NWN brauchen wir mit online rollenspielen nicht vergleichen, glaube ich. denn das bietet die möglichkeit nur die leute auf einen freeshard zu lassen die man auch drauf haben möchte. wow, lotr-online, etc. haben diese möglichkeit der restriktiven vorauswahl nicht.

aber du hast natürlich recht, wenn du sagst das rollenspieler auf einem NWN2 - mittelerde shard besser aufgehoben sind. so ganz unter sich. niemanden störend.  
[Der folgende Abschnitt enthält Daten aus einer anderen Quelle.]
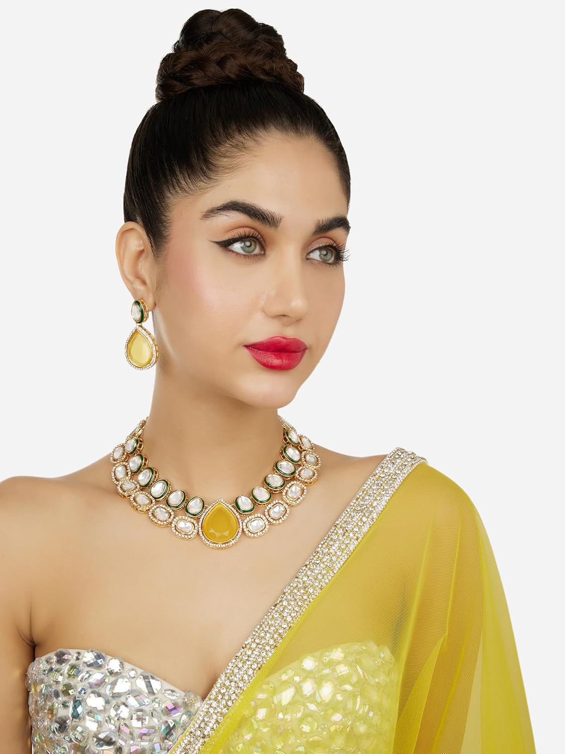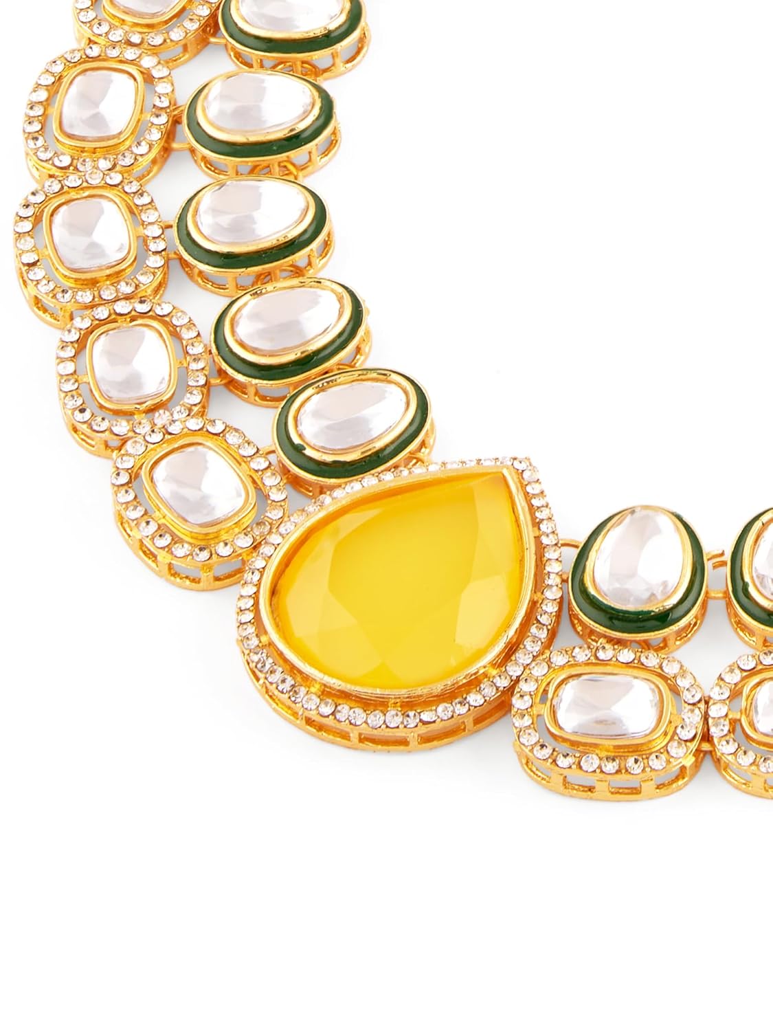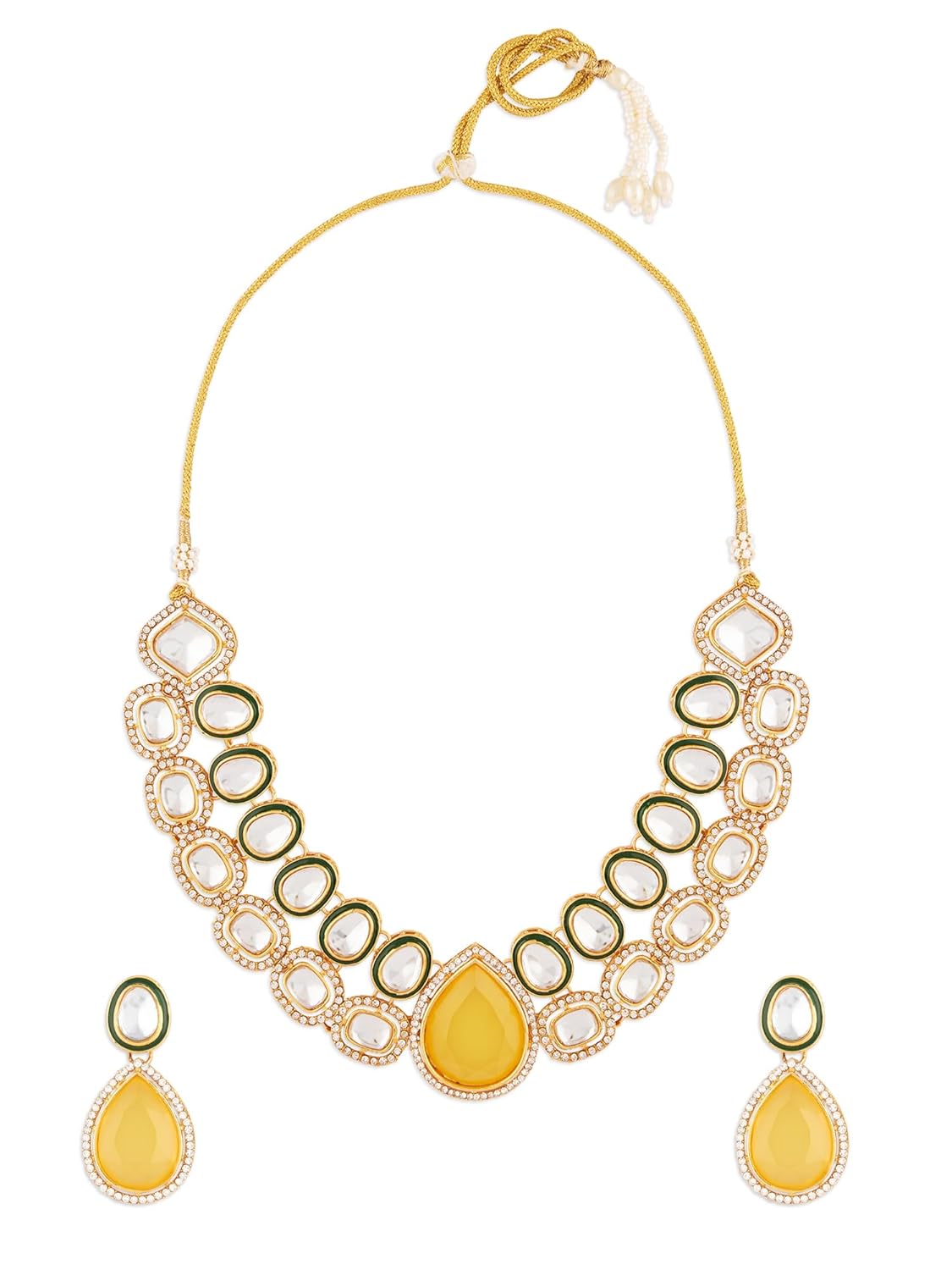 ZAVERI PEARLS Yellow Stone Green Meenakari Austrian Diamonds Embellished Necklace & Earring Set For Women-ZPFK18066

			Dieser Inhalt steht nur eingeloggten Mitgliedern zur Verfügung.
        

 



Thravvn schrieb:


> Wieviele Spieler kann man den bei LOTR auf die Ignore Liste setzen?



das weiss ich nun wieder nicht. allerdings bringt es auch nichts nach 3 monaten 80% des servers in der ignoreliste zu haben weil der RP-Server wiedermal den bach runtergegangen ist. das RP schwindet nicht vom server weil die RPler keine lust mehr auf das spiel haben. es verschwindet weil mehr und mehr lollende, hüpfende rulor kinder auf den server kommen, denen es spass macht anderen die freude an etwas zu vermiesen. _davor_ haben 100% der rollenspieler angst und sind deswegen etwas strenger.
ich habe nichts gegen spieler die sich eine erwachsenere atmosphäre wünschen, dann aber im einklang mit den serverregeln die zum schutz der rollenspieler angelegt wurden.

grüsse,
wulfric


----------